I looked at Nagesh, “I don’t suppose you…”

“We have swill.”

“Never mind,” I said. Then I said one of those things that as a boy growing up in Galilee, you never think you’ll hear yourself say: “Okay, Untouchables, bring me the sheep bladders!”

Rumi said that the goddess Kali was served by a host of black-skinned female demons, who sometimes during the feast would bring men to corners of the altar and copulate with them as blood rained down from the goddess’s saw-tooth maw above.

“Okay, Josh, you’re one of them,” I said.

“What are you gonna be?”

“The goddess Kali, of course. You got to be God last time.”

“What last time?”

“All of the last times.” I turned to my intrepid minions. “Untouchables, paint him up!”

“They’re not going to buy that a burr-headed Jewish kid is their goddess of destruction.”

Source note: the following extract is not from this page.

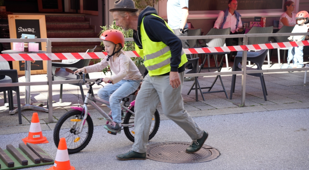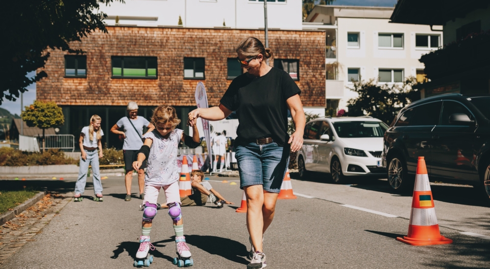 In Kaprun wurde die Wilhelm-Fazokas-Straße im Rahmen der Europäischen Mobilitätswoche einen Nachmittag lang zur autofreien Zone. Das vielfältige Angebot reichte von einem Altersimulationsanzug für eine „Zeitreise ins Alter“ mit dem einem Hören, Sehen und Bewegen vergeht, über den Rollschuhclub Cherry Bombers bis hin zu den Line Dancers mit musikalischer Begleitung. Besonders stark nachgefragt waren das Mio Rad, Fußball-Dart sowie das bunte Kinderprogramm mit Hüpfburg, Bobby-Car-Rennen, alkoholfreier Cocktailbar des JUK Kaprun, Straßenmalerei und Karussell.

“O ye of little faith,” I said.

Three hours later we were again crouched beneath a tree near the temple of Kali. We were both dressed as women, covered from head to toe by our saris, but I was looking much lumpier under mine due to Kali’s extra arms and garland of severed heads, played tonight by painted sheep bladders filled with explosives and suspended around my neck by long strands of elephant tail hair. Any observers who might get close enough to notice my protrusions were quickly deterred by the smell coming off of Joshua and me. We had used the goo from the bottom of Rumi’s pit to paint our bodies black. I didn’t have the courage to ask what the substance had been in life, but if there was a place where they allowed vultures to ripen in the sun before pounding them into a smooth paste and mixing it with just the right amount of buffalo squat, then Rumi called it home. The Untouchables had also painted huge red rings around Joshua’s eyes, fitted him with a ropey wig of oxtails, and affixed to his torso six pert little breasts fashioned from pitch.